We've been told that he's dealing with some family issues at this time. He was going to be here from the start of spring training, we signed him, we started the process of getting him here and his representative called and said that he had some family issues to take care of before he left for the summer. He didn't want to leave a situation that he didn't feel was buttoned up open for the summer. He wouldn't have felt comfortable here if he didn't have it all taken care of. We respect that. Family comes first. When Vlad gets here we have a spot for him and he's certainly entitled to do that.
Is there a chance that he might not join the team this year?
I really don't know. I can't speak for him, you'd have to ask him. I've only been told what I've been told by his agent. We've put him on the inactive list and we told his agent that when he arrives he'll have a spot waiting for him.
Why are you able to draw in so many big names to your team?

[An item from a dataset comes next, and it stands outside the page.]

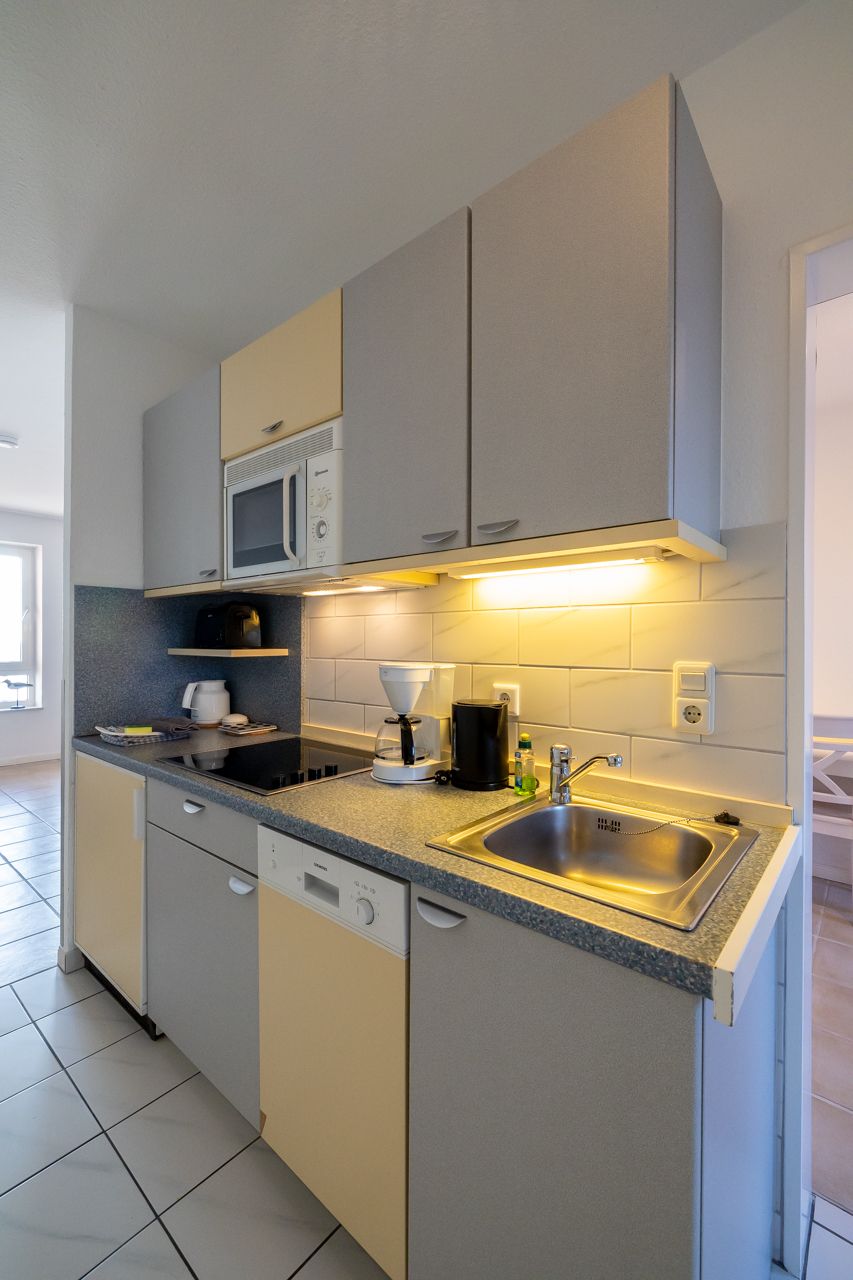 Vom Wohnungsflur aus gelangen Sie zur praktischen Küchenzeile, dem kombinierten Wohn-Schlafzimmer, dem Schlafzimmer mit Einzelbett und dem neuwertigen Duschbad mit Fenster und Tageslicht. Die Küchenzeile ist modern und zweckmäßig ausgestattet, vorhanden sind: u.a. eine Mikrowelle und ein kleines Cerankochfeld. Das Duschbad ist in einem neuen Zustand. Zur Ausstattung gehören: großflächige Fliesen und eine moderne Duschkabine.

I think the [Atlantic League] in general has proven of the course over its 15-year history that it is the league of choice for players that are interested in continuing their professional careers at a high level and getting back to major league organizations. They've had the most success here, baseball is a small world, and players discuss amongst each other. Obviously, the players are teammates at some juncture in their careers and they talk about good places to play and the places that help their careers. Usually the Atlantic League is the choice for those guys.

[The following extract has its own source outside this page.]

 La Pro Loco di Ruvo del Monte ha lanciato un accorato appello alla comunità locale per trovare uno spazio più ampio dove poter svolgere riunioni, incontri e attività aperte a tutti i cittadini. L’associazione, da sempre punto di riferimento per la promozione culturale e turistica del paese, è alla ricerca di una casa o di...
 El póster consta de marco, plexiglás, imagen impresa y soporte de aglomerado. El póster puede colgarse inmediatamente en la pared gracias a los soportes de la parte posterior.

It seems like the Ducks have had more success with signing those types of players though. Is that the case?
We've taken as many chances as any team in the league, I'll put it that way. We've provided opportunities for more than our share of big name major leaguers. I think if you look at the rosters of other teams in the league and compare them to the Ducks, you'll see roughly the same amount of former major leaguers over the past five years and 15 years as well, but yes,we've had more than our fair share of the bigger names. Whether it was guys in our past like Carlos Baerga, Edgardo Alfonzo, Carl Everett, Juan Gonzalez, Danny Graves, John Rocker...those experiences are part of our history and more recently we've had guys like Dontrelle Willis and people like him are utilizing this league as a platform. I think its been a win win for everyone really, the fans get get a great product at an affordable price and they can continue to do what they love.
What do you do to help draw MLB attention to the players that you have on your roster?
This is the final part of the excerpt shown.